Dissatisfied debaters: Tournament plagued with multiple mishaps from directors

At the tournament at James Logan High during Martin Luther King Jr. weekend, members of the SHS speech and debate team was beset with a number of problems. Especially hard hit was the public forum team.

The largest problem happened when judges made a mistake with the official record of sophomores Justin Liu and Parth Kejriwal’s scores. They were supposed to have a score or 4-1, but because the judges had marked the wrong team as the winner during their second round, one extra loss was recorded for them.

As a result of this error, the pair was unable to achieve a “break.” Breaking occurs when a team gets high enough of a score to advance the further round.

Even worse, if Liu and Kejiriwal had their score properly recorded as 4-1, they would have had the chance to obtain a bid to the Tournament of Champions, a national debate tournament.

“I feel like this [mistake] ruined our chances of breaking and we checked the people who did, and we would have broken if [the tournament directors] didn’t make the mistake,” Liu said. “We were pretty surprised and pretty angry at the committee when we saw the results online.”

Despite losing the chance to win a bid to the Tournament of Champions, Liu’s spirits were not dampened by the mishap and is looking forward to achieving success in the Berkeley and Stanford tournaments in February. The Stanford tournament was on Feb. 11, but the story was not published in time to obtain the score. The Berkeley tournament will start on Feb. 18.

Another issue hurting the Logan tournament was a miscommunication involving who would attend. Since there is a limit to how many teams from each school are allowed to attend the tournament, an email was sent to the members of the speech and debate team, informing them about which teams will attend.

In such a large team as Saratoga’s, some teams were to be wait-listed.

Varsity member and sophomore Aurash Jalalian was on this list and unbeknownst to him, he was registered into the tournament. Since he was not informed of this change from the waiting list, he forfeited three rounds. He was upset due to the lack of communication.

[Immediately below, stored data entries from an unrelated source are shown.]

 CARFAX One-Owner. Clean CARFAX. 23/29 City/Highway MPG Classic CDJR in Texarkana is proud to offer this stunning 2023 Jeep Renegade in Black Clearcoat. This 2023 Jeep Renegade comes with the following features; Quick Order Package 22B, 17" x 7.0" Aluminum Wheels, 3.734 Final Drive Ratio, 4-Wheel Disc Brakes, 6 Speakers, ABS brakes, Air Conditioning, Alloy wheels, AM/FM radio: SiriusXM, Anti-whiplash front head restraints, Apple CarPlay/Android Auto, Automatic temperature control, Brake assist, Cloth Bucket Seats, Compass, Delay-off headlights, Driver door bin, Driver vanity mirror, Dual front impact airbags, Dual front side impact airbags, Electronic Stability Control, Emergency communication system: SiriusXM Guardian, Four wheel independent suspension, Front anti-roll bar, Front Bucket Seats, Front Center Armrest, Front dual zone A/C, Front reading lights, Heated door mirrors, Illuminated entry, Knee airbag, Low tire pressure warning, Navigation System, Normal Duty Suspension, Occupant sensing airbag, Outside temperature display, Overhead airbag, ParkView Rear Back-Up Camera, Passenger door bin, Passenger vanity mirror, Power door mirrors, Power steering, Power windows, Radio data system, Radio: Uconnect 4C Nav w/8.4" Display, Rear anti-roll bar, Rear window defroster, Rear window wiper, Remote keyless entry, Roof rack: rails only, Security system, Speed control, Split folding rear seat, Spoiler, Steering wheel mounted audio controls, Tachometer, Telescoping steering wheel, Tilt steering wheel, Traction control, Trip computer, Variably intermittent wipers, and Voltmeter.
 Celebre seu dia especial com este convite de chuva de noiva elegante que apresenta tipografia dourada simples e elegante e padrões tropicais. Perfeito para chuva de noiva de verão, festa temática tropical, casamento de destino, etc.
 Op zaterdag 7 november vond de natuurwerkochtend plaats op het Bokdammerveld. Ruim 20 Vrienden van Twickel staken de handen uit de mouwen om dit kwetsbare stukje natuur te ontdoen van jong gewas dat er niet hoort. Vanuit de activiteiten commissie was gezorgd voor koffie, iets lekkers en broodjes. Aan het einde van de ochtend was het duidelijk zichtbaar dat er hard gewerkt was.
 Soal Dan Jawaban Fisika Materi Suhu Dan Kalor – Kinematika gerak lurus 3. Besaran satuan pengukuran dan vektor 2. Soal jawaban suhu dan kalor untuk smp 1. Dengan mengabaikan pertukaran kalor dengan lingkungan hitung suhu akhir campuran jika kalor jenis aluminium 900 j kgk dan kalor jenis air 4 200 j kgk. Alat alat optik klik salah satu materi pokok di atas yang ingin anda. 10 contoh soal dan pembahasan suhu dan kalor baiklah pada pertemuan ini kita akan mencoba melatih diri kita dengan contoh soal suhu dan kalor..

Despite all the problems the speech and debate team still had some success. Four students got bids to the Tournament of Champions: senior Neil Prasad and junior Aneesa Mazumdar in International Extemporaneous and senior Ishaan Kolluri and sophomore Kushal Maheshwari in National Extemporaneous. A number of students also made it to the last four rounds of the tournament.

“The team themselves did well because individual students did better than expected in a number of categories, several teams made it to quarterfinals for their respective events, and some even went to semi-finals and finals,” speech and debate coach Erick Rector said.

Prasad placed third in international extemporaneous, an impromptu event where competitors must create a speech five to seven minutes long about a international topic.

There are still two more tournaments at which the team members can obtain bids to the Tournament of Champions, the Cal Invitational and Stanford Invitational.

“Hopefully, I’ll be able to make up for the mistake in the next two tournaments and win a bid,” Liu said.